Hey, friend!

Sending a newsletter out about business or even my personal life feels tough and, honestly, silly, when we're just two days out from so much pain at an elementary school in Texas.

I've been a bit of a mess the last few days. It's part the sorrow that I would expect from thinking about the children, their families, and even from thinking about my own kids, but it's also a set of completely unexpected negative feelings–anxiety, insecurity, irritability.
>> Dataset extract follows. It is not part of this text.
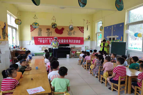 为切实增强小朋友的交通安全意识,教育他们关爱生命、拒绝违章,养成自觉遵守交通法规的良好习惯。6月10日,界河镇团委、妇联、交警队在镇中心幼儿园开展“平安行.你我他”文明交通安全知识宣传进课堂活动。
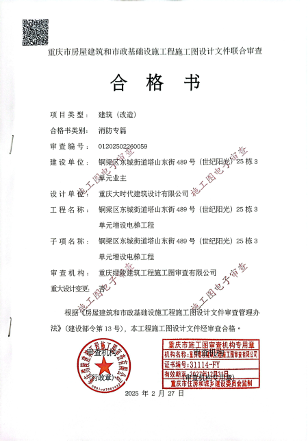 该增设电梯项目名称为铜梁区东城街道塔山东街*号(世纪阳光)*栋*单元增设电梯项目,建设单位为重庆奥华斯电梯工程有限责任公司,设计单位为重庆大时代建筑设计有限公司,建设地点位于铜梁区东城街道塔山东街*号(世纪阳光)*栋*单元(方案详见增设电梯示意图),属重庆市铜梁区东城街道长坡社区。

This will sound like a weird analogy, but: when I switched antidepressants recently, there was a time during the transition where my emotions went haywire. I mean, completely unpredictable, completely out of sync with how I even usually have been when unmedicated. I talked to my psychiatrist, and she said: "Your body is just having trouble processing the change. Give it a few days and it'll be more familiar with the new state of its chemicals."

It's almost like my body had been a relatively peaceful sea floor, and then the change of medicines came in and (helpfully) moved some huge pieces of the sea floor around, but, in doing so, stirred everything up. The emotional turbulence I was feeling, then, was just the swirling sand. My best solution was just to wait for the water to stop swirling and the sand to slowly settle back down to the sea floor.

This feels like that's what is happening right now. Insecurities don't directly stem from my emotional response to this situation. Some anxieties do, and some don't. But the emotions I've felt in response to another elementary school massacre have stirred up the sea floor and it's just a mess in here.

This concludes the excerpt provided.